Moving away from the project is going to be a slow process for Mozilla

Jul 10, 2012 15:31 GMT  ·  By

The announcement that Mozilla was stopping development on Thunderbird came as quite an unwelcomed surprise to a lot people.

Given that the desktop app has over 20 million users, there were quite a few that were upset and confused. Mozilla clarified some details in the days following the announcement and has now answered some of the lingering issues.

Mozilla did say that it would continue to support the software with security and stability fixes, but that new features would come from the community exclusively. But it did not lay down a clear deadline on this, possibly because it didn't have one yet.

To put worries to rest, Managing Director of Thunderbird, answered a few questions that users had. For one, he assured users that Thunderbird will get full support for at least another year.

"We have a solid plan to support Thunderbird until the second half of 2013 and are discussing how we support it beyond that date," he said.

This means that features the team was working on will continue to be developed and completed.

This includes "cool innovations landing such as Thunderbird Chat (instant messaging), additional Thunderbird Filelink and personalized email partners, as well as new community-driven features.
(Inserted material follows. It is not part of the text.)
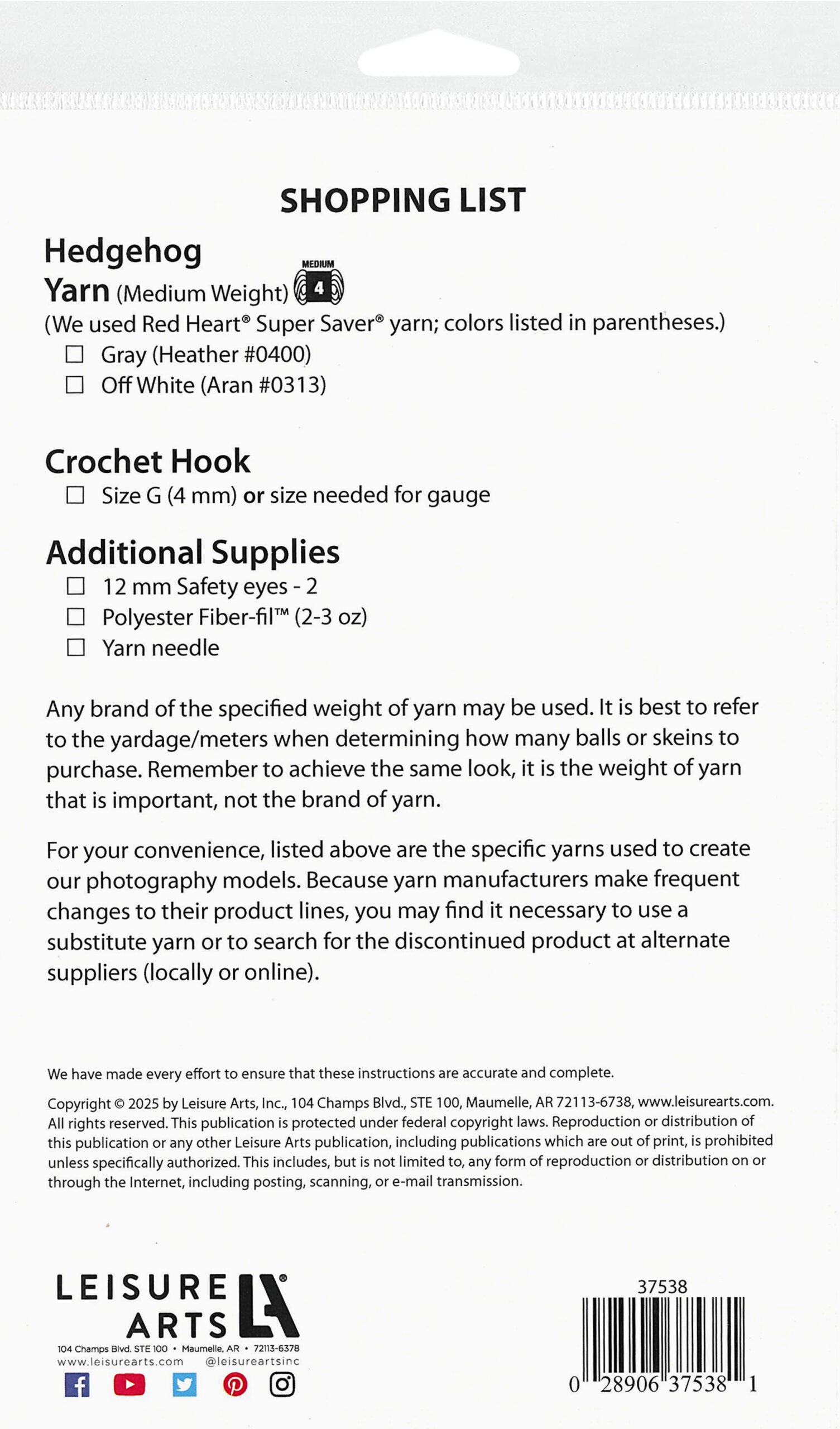 $7.99Leisure Arts Amigurumi Hedgehog Pattern- Ready for a fun crochet challenge? This Amigurumi Hedgehog crochet pattern will help you create a charming hedgehog perfect for crocheters looking to add a special touch to their creations. With detailed instructions, you will craft a soft, cuddly hedgehog with a distinct and delightful design. This pattern includes a color-coded chart, and a list of supplies needed to complete project. Finished design measures approximately 5†length x 8†height.

Beyond that, Mozilla will accommodate community-contributed features when they become available."

Mozilla believes that Thunderbird is fine as is, which may sound like a cop out, but is probably true. Thunderbird users want to be able to manage one or several email accounts via a desktop app. They want to be notified when new messages come in, work with attachments, forward messages to groups and so on and so forth.

All of these features have been available in Thunderbird for a long time. There's not much else to do other than completely revamp the product, but that's what the web-based email clients are doing. The only big feature that might be missing is built-in chat and that's on its way.